Advancement of financial technology and digitalization of currency over the past few decades gained lot of importance in the financial system, when we say digitalization of currency or digital currency, it is certainly cryptocurrency which comes to our mind. Cryptocurrencies plays a vital role in the future financial system. Though Bitcoins are the most popular cryptocurrency, because of its high short-term volatility and risk in the market valuation makes it unsuitable for everyday use by the investors or public. Recently, along with Bitcoin there is another cryptocurrency which is in circulation i.e., Stablecoins. Stablecoins are also a type of cryptocurrency like Bitcoins and Ether, but its market value is attached to some external references, usually Government backed securities, bonds or gold which makes them stable.

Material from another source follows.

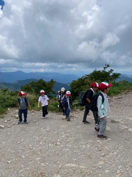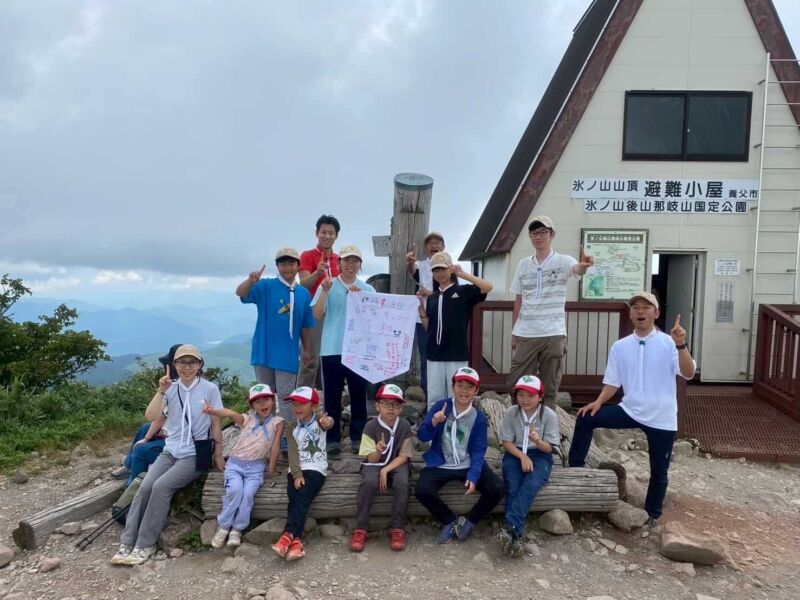 合同行事として、23日(土)早朝7時から、ビーバー隊~ローバー隊・指導者で構成された特別班編成(1班10人から11人)で5班に分かれ、氷ノ山(1510m)登山を実施し、無事登頂しました。その夜はキャンプファイヤーを実施しました。

“Digital currencies like Bitcoin and Ethereum are tremendously volatile”, which makes pricing things in their terms very difficult, says Anthony Citrano, founder of Acquicent, a marketplace for NFTs. While Bitcoins and Ether with high volatility interrupted many investors way of thinking about usage of digital currency and scare them to opt for it. Stablecoins avoid this issue by locking their prices to a known reserve currency. Stablecoins acts as a solution to overcome the drawbacks of Bitcoins high volatility as they are more stable with collateralization through commercial papers, precious metals like gold, silver and commodities like oil, bonds, real estate and currency reserves. Such currency reserves are preserved by custodians and are regulated for required compliance. These collateralized Stablecoins are more decentralized than their peers (Bitcoins and Ethereum) and are backed by cryptocurrencies.

The advantages of Stablecoins includes low – cost, stability in the value and safety compared to Bitcoins and Ethereum. With the appropriately regulated legal framework Stablecoins will definitely benefit the consumers and businesses to accept payments and to the government to connect with the unbanked segments of the population to the financial system. With the advantages, Stablecoins might also pose financial concerns and risk to financial integrity, including compliance with rules governing anti-money laundering (AML) and countering the financing of terrorism (CFT) and proliferation.

Stablecoins have the potential to play a significant role in the future of global finance and could even become a backbone for digital payments and financial services. Moving forward, it is essential for regulatory authorities to build appropriate regulatory and supervisory frameworks such as the tools, skills and technology to identify the evolution or creation of Stablecoins, in particular global Stablecoins.